Following by the decisive election victories for the ruling Conservative Party last week, Queen Elizabeth II delivered her traditional parliamentary speech Thursday, promising to finish Britain’s long-awaited exit from the European Union.

Britain’s Queen Elizabeth ll and the Prince of Wales are seen Thursday during the state opening of Parliament at the House of Commons in London. Photo by UK Parliamentary Recording Unit/

The speech, given at the start of every new Parliament, highlights the Conservative Party agenda. Prime Minister Boris Johnson campaigned for months on his determination to see the process through, a sentiment echoed by the queen Thursday.

“My ministers will bring forward legislation to ensure [Britain’s] exit on [Jan. 31] and to make the most of the opportunities that this brings for all the people,” she said.

“Thereafter, my ministers will seek a future relationship with the EU based on a free trade agreement that benefits the whole of [Britain]. They will also begin trade negotiations with other leading global economies.”


Thursday’s was the queen’s second such speech in just two months. She opened Parliament on Oct. 14, not long before Johnson ultimately ordered a do-over election after failing to pass his exit plan through Parliament.

Last week’s vote, which brought major gains for Conservatives and historic losses for the Labor Party, gave Johnson a strong majority in Parliament — and possibly the muscle needed to complete Britain’s exit, which has already been postponed a number of times.

The EU exit was part of more than 20 bills mentioned by the queen Thursday. Others included proposals on healthcare and other domestic priorities.

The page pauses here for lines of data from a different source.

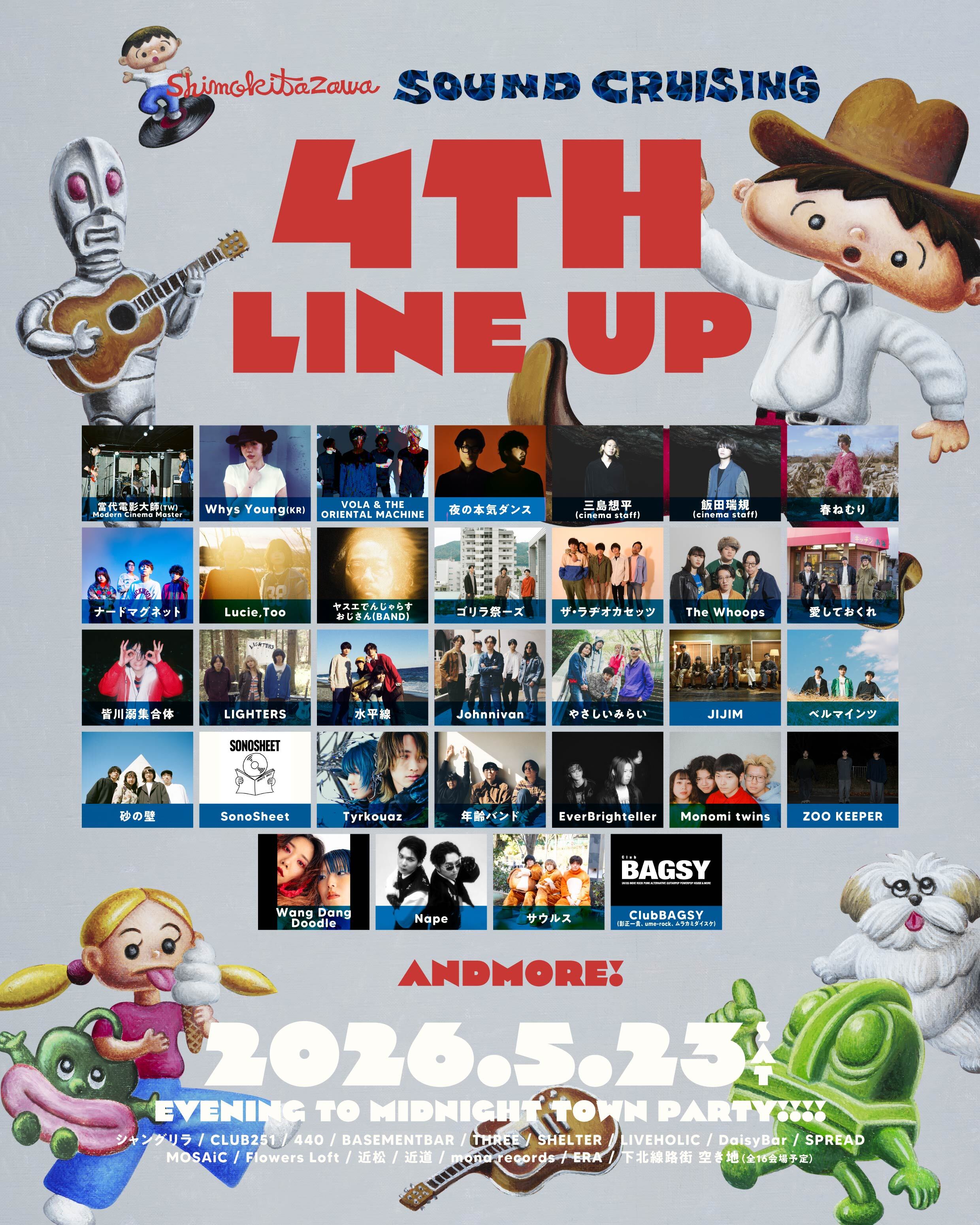 NEW 【新規公演】5/23(土) 「 Shimokitazawa SOUND CRUISING 2026 」 2026.04.16 NEWS 「Shimokitazawa SOUND CRUISING 2026」【 開催日時 】2026年5⽉23日(土) DAY 11:00-22:00 / NIGHT 22:00-29:00【 開催場所 】 下北沢エリア ライブハウス16会場【 出演 】 出演者に関しましてはイベント公式HPをご覧ください 【 チケット 】 ■先行4次チケット(先着) ONE DAY ¥7,300 (SSC2026オリジナルグッズ付) DAY TIME ¥6,000 NIGHT TIME ¥3,800 受付期間:〜5/8(金)23:59まで https://fanlink.tv/ssc2026
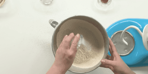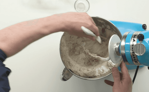 Воду смешать с солью и довести до кипения. Добавить воду в миксер и замесить тесто.
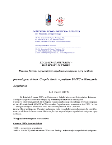 PAŃSTWOWA SZKOŁA MUZYCZNA I STOPNIA im. Tadeusza Szeligowskiego ----------------------------------------------------------------------70-483 Szczecin Al. Wojska Polskiego 115, tel. (091) 4 23 26 55, fax. (091) 423 26 57 e-mail: [email protected], www.psm.szczecin.pl Stowarzyszenie Villa Grawitza ……………………………………………………………………………….. 70-483 Szczecin Al. Wojska Polskiego 115, tel. (091) 4 23 26 55, fax. (091) 423 26 57 e-mail: [email protected], www.villagrawitza.eu EDUKACJA Z MISTRZEM – WARSZTATY FLETOWE Warsztat flecisty: najważniejsze zagadnienia związane z grą na flecie prowadząca: dr hab. Urszula Janik – profesor UMFC w Warszawie Regulamin 6-7 marca 2017r. W dniach 6-7 marca 2017r. w Państwowej Szkole Muzycznej l stopnia im. Tadeusza Szeligowskiego w Szczecinie odbędą się Warsztaty Fletowe dla nauczycieli i uczniów szkół muzycznych I i II stopnia regionu zachodniopomorskiego prowadzone przez dr hab. Urszulę Janik (UMFC w Warszawie). Organizatorem warsztatów Jest PSM I st. im. T. Szeligowskiego w Szczecinie wraz ze Stowarzyszeniem Villa Grawitza (www.villagrawitza.eu). Warsztaty połączone będą z wykładem metodycznym dla uczniów, nauczycieli i rodziców na temat: Warsztat flecisty: najważniejsze zagadnienia związane z grą na flecie. Wstępny harmonogram warsztatów: 6 marca 2017r. (poniedziałek) 10.00 – rozpoczęcie warsztatów 10.05 – 11.45 - Wykład na temat: Warsztat flecisty: najważniejsze zagadnienia związane z grą na flecie 11.45 – 12.45 – lekcje otwarte 12.45-13.00 – przerwa kawowa 13.00 -14.30 – lekcje otwarte 14.30 – 15.30 - przerwa obiadowa 17.00 – Recital fletowy w wykonaniu pani prof. Urszuli Janik w auli PSM 7 marca 2017r. (wtorek) 9.00 –11.15– rozpoczęcie drugiego dnia warsztatów 9.00-11.15 - lekcje otwarte 11.15-11.30 – przerwa kawowa 11.30 -13.00 – lekcje otwarte 13.15-14.30 – przerwa obiadowa 14.45 – 15.45 prezentacja fletów firmy Yamaha Udział w warsztatach jest odpłatny: - 30 zł – dla każdego ucznia Uczestniczący w warsztatach uczniowie przygotowują dowolny repertuar fletowy - istnieje możliwość wykupienia dwudaniowego obiadu z napojem w restauracji w pobliżu szkoły w cenie 15,50 zł Wpłaty prosimy dokonać na konto: 93 1020 4795 0000 9002 0278 6119 (z nazwiskiem ucznia i dopiskiem warsztaty fletowe) Zgłoszenia prosimy nadsyłać do dnia 28 lutego 2017r. wraz z dowodem wpłaty faxem pod numer tel. 91 423 26 57 lub pocztą elektroniczną: e-mail [email protected] Szczegółowy harmonogram warsztatów zostanie zamieszczony do dnia 3 marca 2017r. na stronie internetowej szkoły www.psm.szczecin.pl Ze względu na ograniczenia czasowe warsztatów organizator zastrzega sobie prawo wyboru uczniów do udziału w indywidualnych lekcjach otwartych (posiadamy około 10 miejsc dla czynnych uczestników). Informacji udziela koordynatorka warsztatów tel. 884 874 524 oraz sekretariat szkoły tel. 91 423 26 55 Iwona Radin-Rutkowska
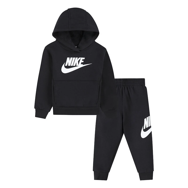 Chemise en polaire doux et extensible avec capuche standard, poche kangourou et taille et poignets côtelés. Associé à un pantalon en polaire confortable avec taille et poignets élastiques pour un confort quotidien. Fini avec les logos Nike Futura assortis.
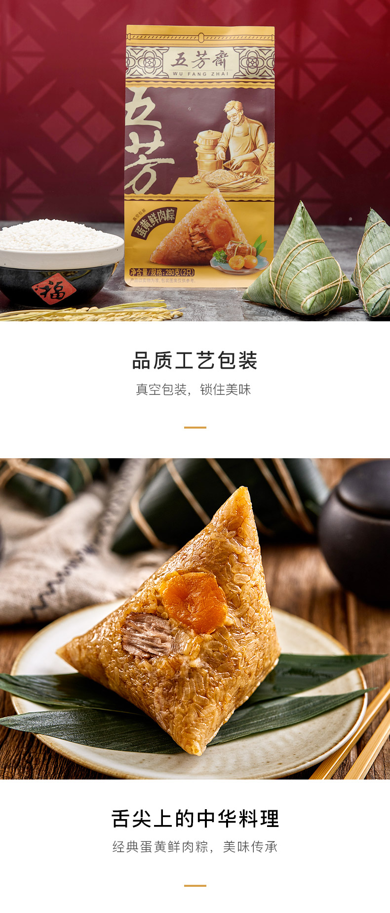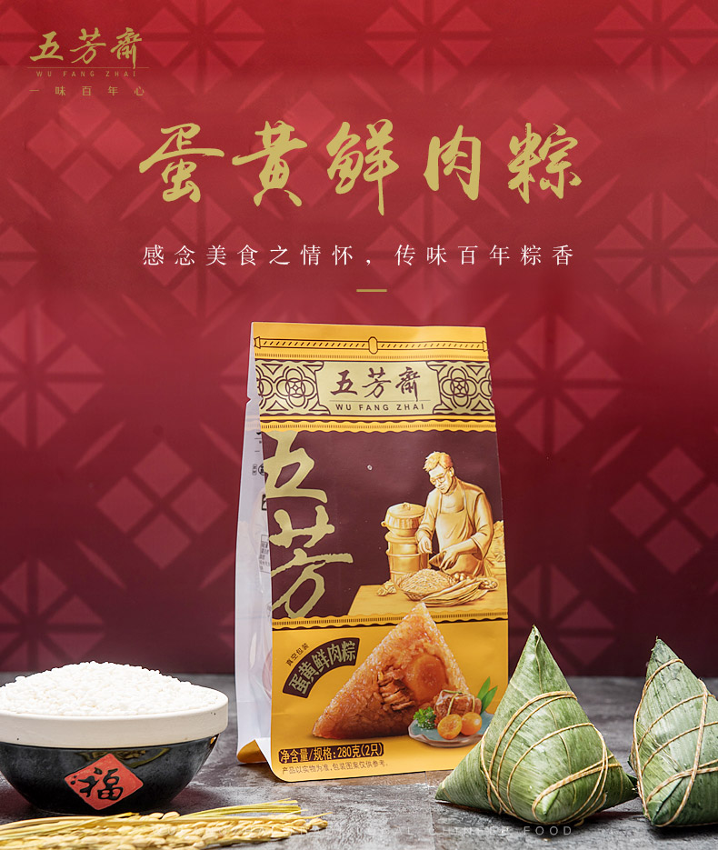 商品名称:粽子 五芳斋粽子 嘉兴粽子肉粽蛋黄粽 嘉兴特产蛋黄肉粽140g*6只

“For the first time, the National Health Service’s multi-year funding settlement, agreed earlier this year, will be enshrined in law,” she said. “Steps will be taken to grow and support the NHS workforce and a new visa will ensure qualified doctors, nurses and health professionals have fast-track entry to [Britain].”

The queen also called for a “modern, fair, points-based immigration system,” increasing the national living wage and increasing per-student funding levels. She also called for improved Internet safety, longer sentences for serious violent criminals and environmental principles and goals.